Today, while the Chalif House sits in the middle of the Ocean Avenue Historic District, it enjoys no extraordinary historic protection. This is because of its status as a “non-contributing building.” Historic districts typically focus on a “period of significance,” usually within a fairly tight time frame, and then usually only on those structures best exemplifying that particular stylistic period.

Given East Hampton’s ongoing loss of significant modernist buildings, as cited by Alastair Gordon and others, perhaps it is time to rethink the need to protect these irreplaceable cultural assets.

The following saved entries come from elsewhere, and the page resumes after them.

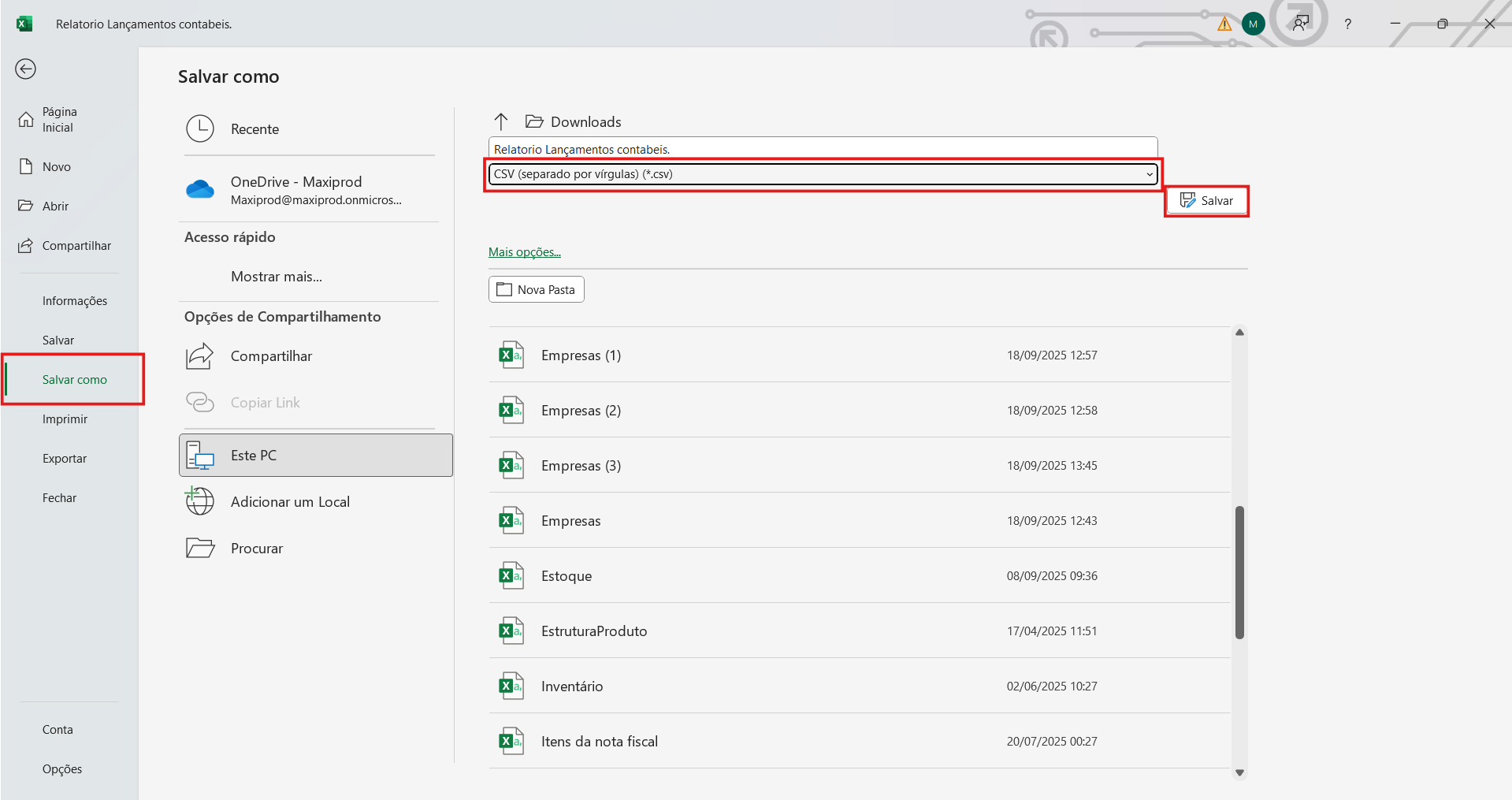 2) Abra a planilha exportada (.xlsx), vá para “Arquivo > Salvar como” e selecione o formato CSV (separado por vírgulas). Salve o arquivo clicando em “Salvar”.
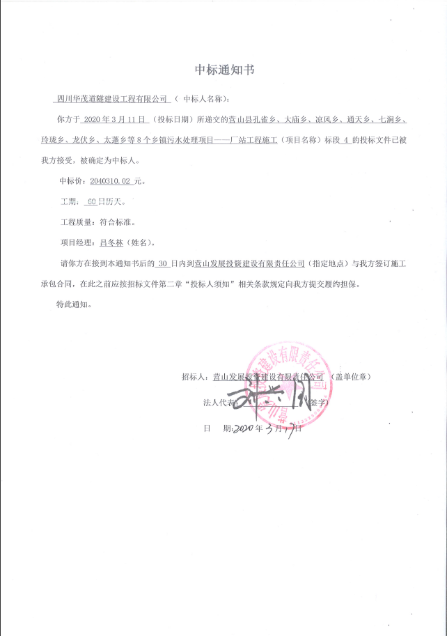 营山县孔雀乡、大庙乡、凉风乡、通天乡、七涧乡、玲珑乡、龙伏乡、太蓬乡等8个乡镇污水处理项目——厂站工程施工四标段中标
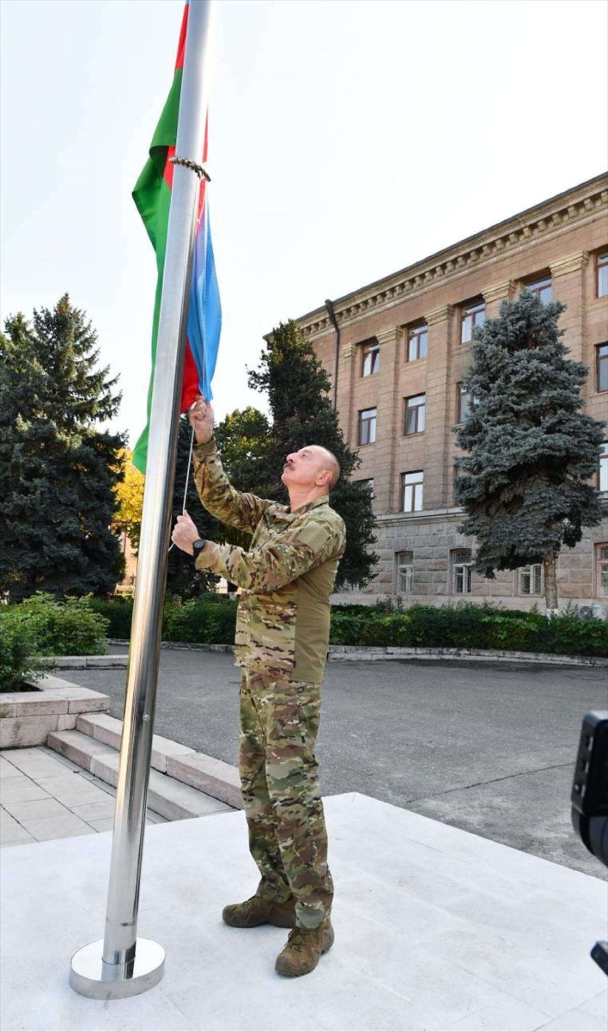 Aliyev, bayrağı göndere çekti
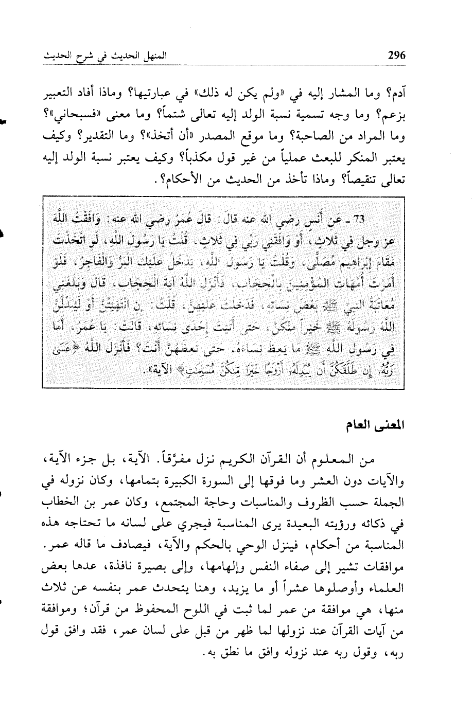 73 - عن أنس رضي الله عنه قال: قال عمر رضي الله عنه وافقت الله عز وجل في ثلاث أو وافقني ربي في ثلاث قلت يا رسول الله لو اتخذت مقام إبراهيم مصلى وقلت يا رسول الله يدخل عليك البر والفاجر فلو أمرت أمهات المؤمنين بالحجاب فأنزل الله آية الحجاب قال وبلغني معاتبة النبي صلى الله عليه وسلم بعض نسائه فدخلت عليهن قلت إن انتهيتن أو ليبدلن الله رسوله صلى الله عليه وسلم خيرا منكن حتى أتيت إحدى نسائه قالت: يا عمر أما في رسول الله صلى الله عليه وسلم ما يعظ نساءه حتى تعظهن أنت فأنزل الله {عسى ربه إن طلقكن أن يبدله أزواجا خيرا منكن مسلمات} الآية
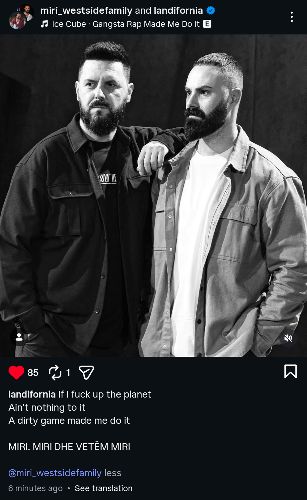 Në llogarinë e tij në Instagram, Landi ka publikuar një foto bardhë e zi ku shfaqet krah Mirit, shoqëruar me një mesazh mjaft domethënës.
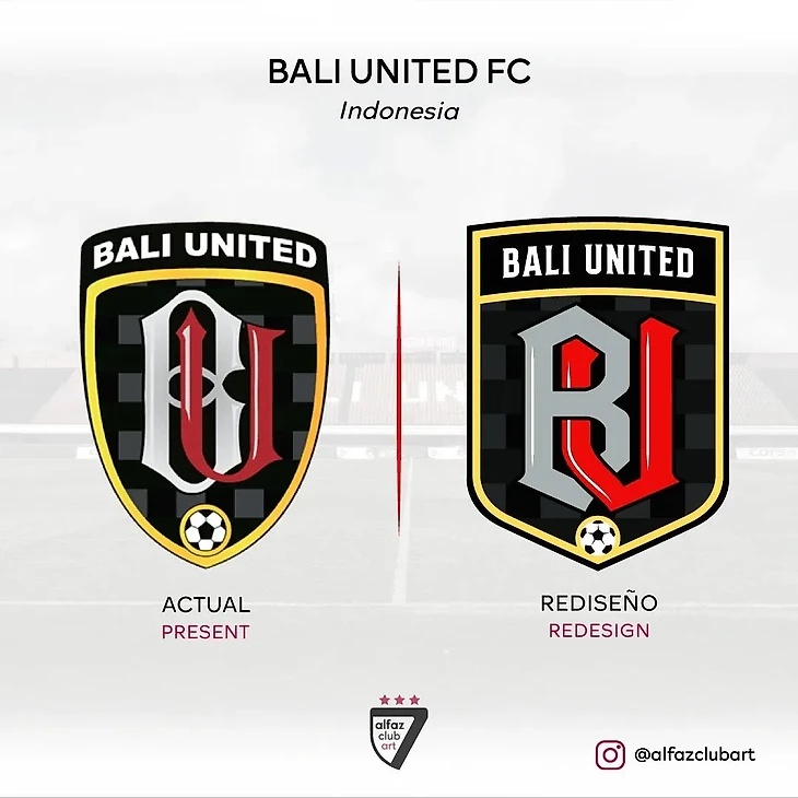 Бали Юнайтед. Тяжело говорить об этом концепте — вроде бы форма букв стала лучше, и сами они не бледные, но темно-серый не сочетается с окружением. Шрифт и герб выдались добротными.
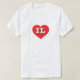 Esta camiseta apresenta um coração vermelho vibrante contendo as letras maiúsculas, brancas e em negrito IL, a abreviação oficial de Illinois, o estado prairie.
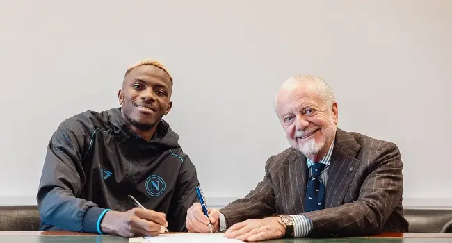 The official confirmation was made via Napoli’s social media channels, showcasing a momentous picture capturing Osimhen’s contract signing alongside club owner Aurelio De Laurentiis.
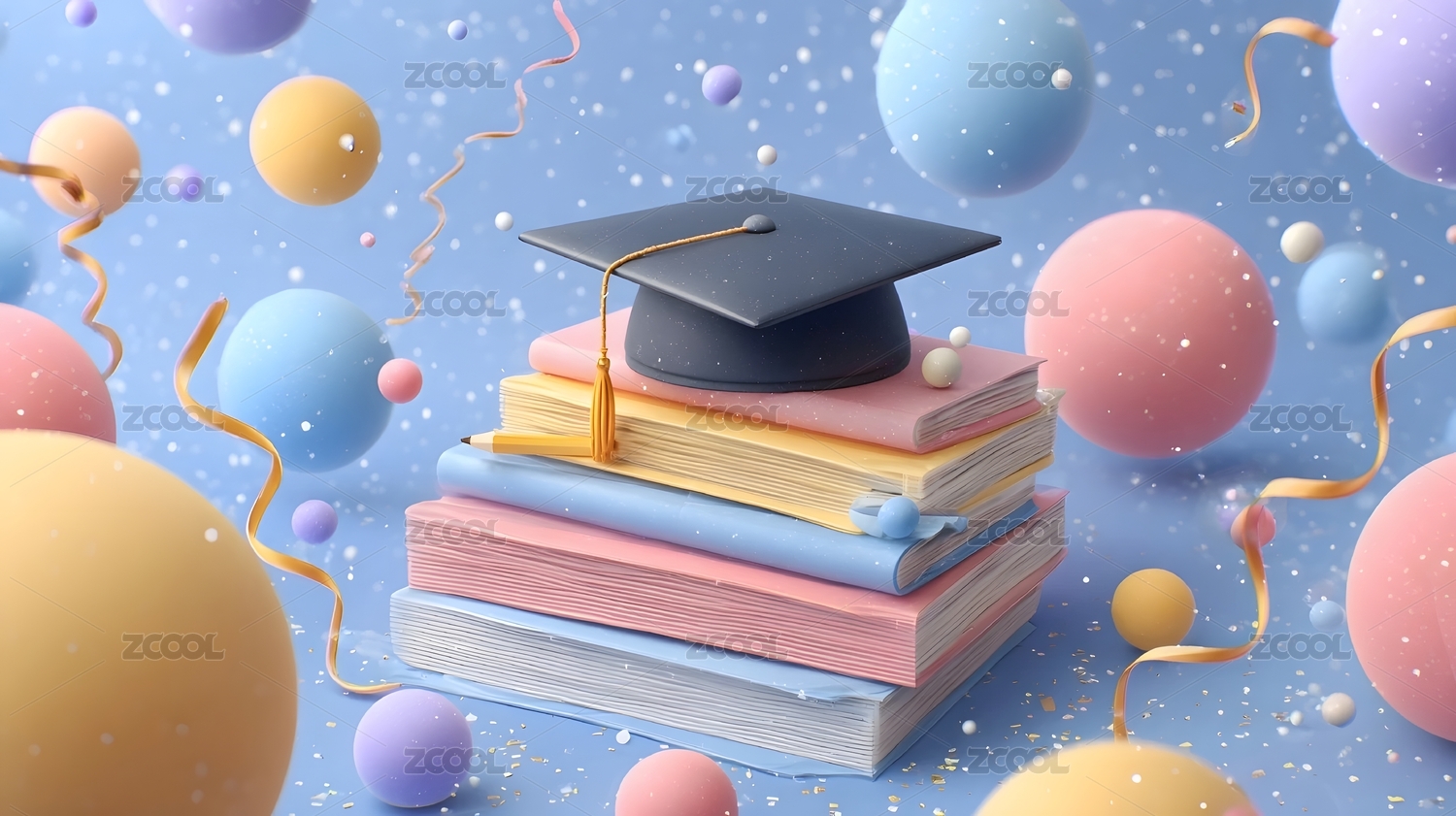 无人,AI数字艺术,插画,庆祝,学位帽,毕业,毕业典礼,教育,文凭,祝贺

Perhaps the village and town should commission Mr. Gordon to prepare a detailed report that could become the underpinning of a modernist overlay district encompassing all or most of the remaining culturally significant properties.

Why, you ask?

Simply put, so that in another hundred years, another old codger like me can reminisce about his childhood growing up among the important cultural symbols of another age then passed.


Chris Reutershan lives in Bel Air, Md.